Bitcoin’s (BTC) price broke past $17,000 over the weekend. But it has been trading relatively flat with low volatility through the first 10 days of 2023, as is typical during a bear market.
BTC’s stability is reflected by the tranquility in the derivatives market and is driven by lower trading activity. This is indicative of a reduction in speculative demand in the largest cryptocurrency by market cap, according to an Arcane Research report.
BTC’s 30-day volatility has sunk to June 2020 levels, the report noted. While the price of BTC is relatively flat, its 30-day volatility level has reached lows seen in 2013, 2015, 2016, 2018, 2019, and 2020.

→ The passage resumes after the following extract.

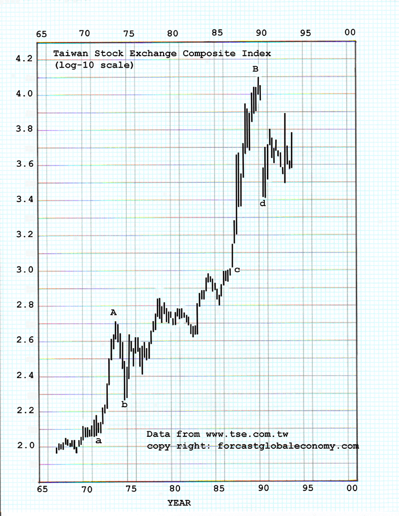 The great stock market bubble of Taiwan from 1987 to 1990 was marked by rampart insider trading and large scale pool operations due to the almost non-existent regulatory oversight at that time. The typical insider trading of that time was for a company insiders to buy its own stocks to drive its stock price sky high. During the rapid rally of the stock, unwary individual investors were sucked into the rally. At the high of the rally the insiders unloaded large blocks of stocks to unwary individual investors to gain enormous profits. The operation of pools was for outsiders to pool resources together to perform similar acts on certain targeted stocks as the above discussed insider trading. As those manipulated stocks rose like rockets, more and more individual investors were sucked into the market and bidded up other stocks not under manipulation to sky-high levels as well. Thus the whole market caught fire. When this madness ran its course and insiders and pool operators cashed in, the bubble naturally burst. The composite index fell from its high of point “B” by more than 80% to point “d” in a very short time. Looking back, the great stock market bubble of Taiwan served as the mechanism to transfer a massive amount of wealth from the newly emerged middle class of Taiwan into the hands of a small number of winners. A portion of the profits generated by this great bubble became the seed money to launch Taiwan into a new phase of high tech based economy after it exited from the Taiwan model along with the burst of the bubble. Other portions of the profits flew into the mainland China, and helped to launch China as the global factory of lower-end consumer goods.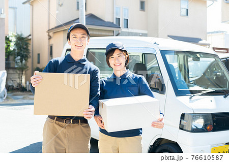 荷物の積み下ろしをする軽貨物ドライバーの女性。引越しや宅配サービスのイメージ。

Therefore, BTC has currently become more stable than gold, the dollar strength index, Nasdaq, and the S&P 500 measured through 5-day volatility.

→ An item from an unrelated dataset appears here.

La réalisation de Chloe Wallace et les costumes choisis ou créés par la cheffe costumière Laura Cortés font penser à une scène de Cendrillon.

Bitcoin’s 5-day volatility has fallen below all of these indexes simultaneously — referred to as “relative volatility compression” — only 5 times in the past. Historically, the relative volatility compression in BTC only lasted for 1-2 days.
The current relative volatility compression event, however, has already sustained for 4 days, setting a record, as per Arcane data. Therefore, the current relative volatility compression is unusual, Arcane remarked.
Apart from the relative volatility compression that took place on Sept. 29 last year, all such events have been historically followed by sharp volatility over the next 30 days. Therefore, there is a high likelihood that Bitcoin may see sharp fluctuations over the coming month.
With the current decline in BTC volatility, the implied volatility of BTC options has also reached an all-time low, Arcane noted. This has made straddle strategies more attractive as investors can “utilize cheap options premiums to position for abrupt market moves,” Arcane said.